The next step is to get jq to do this count on the fly. The trick is getting the groupings out of the one big outer array and into a variable:
.[] as $groups
The .[]
operation looks inside the big array, making each smaller array available to jq. You could think of it as removing the outer brackets, though that's probably not technically correct.
Next, the as $groups
is jq's way of storing results in a variable. So what this does is take the sub-arrays and store them in a variable that can be accessed as $groups
. Now it's time to identify the matches.
if ($groups | length) == 2 then $groups[0] + $groups[1] else empty end'
This line is a conditional that separates groups with matches from groups without matches. jq has a function to count length (appropriately named length
), so the first part of the statement checks each group to see if the length is 2, signifying a match. If that's true, then it's time to output the metadata.
But there's one more catch here: the value of each grouping is an array of two objects, the one from the identifier file and the one from the metadata file. For example:
[
{
"id": "druid:fg419sg6615"
},
{
"id": "druid:fg419sg6615",
"title_ssi": "Palo Alto Railroad",
"accessioned_latest_dttsi": "2017-04-01T02:44:07Z",
"status_ssi": "v3 Accessioned"
}
]
So if we were to output the value at this point, we'd be outputting arrays, not the JSON that's the real end goal.
My strategy for getting around this was to use jq's ability to merge two JSON objects into one, which somewhat confusingly gets represented by addition with the +
sign. This is what's happening with $groups[0] + $groups[1]
. That operation takes fields from both objects and merges them into one object. The duplicate values for 'id' are simply brought together rather than repeated (which I don't think JSON allows, anyway).
So in the end, the result of this command is that the metadata for matches is sent to the output.
What if there isn't a match (i.e. the array length is not 2)? The else empty
means that nothing is output at all. Unlike some other languages and tools, jq seems to require you to have an else statement, even if it's just else empty
.
> results.json
Finally, the last part of this long string of commands is to output the whole set of results into a new file using bash redirection.
Conclusion
I still can't believe that the longer, more complex command runs so quickly. That just shows the value of using a tool like jq that's optimized for processing JSON rather than treating it all like an unstructured block of text.
The only drawback is the memory usage.
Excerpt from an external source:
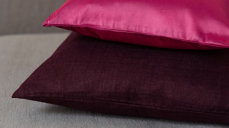 LINUM kan presentera två olika kvaliteter av siden, dupion och rå. Dupion är den klassiskt krispiga med prominent lyster och naturliga variationer i tyget. Råsiden påminner om linne, men tack vare den glansiga silkestråden, får materialet mer djup. LINUM kan erbjuda två storlekar, 40x40cm och 50x50 cm på bägge fodralen. Färgschemat är rikt och vi har valt att presentera både jordnära toner och mer kraftfulla nyanser.

It happens that I have 8 or 16 GB of RAM available, depending on the computer I use, but it would be nice to find a way to run this that isn't so memory-intensive. As a test, I re-ran this on a small, low-end laptop with 4 GB of RAM and the system ran out of memory, froze up, and finally crashed the command to avoid crashing entirely.2
So what I have isn't perfect but it fulfills the high-level criteria of "good enough." Now I'm going to go looking for queries to run.
-
The actual data has many more fields, but I've truncated this in the interest of readability. What matters most here is that each line is a JSON object with a value for "id". ↩
-
I did find that if I split the big metadata file into two, ran the command on each part, then merged the two sets of results, I could still get to my goal, albeit a bit more slowly. So that's one possible way around the memory limit. ↩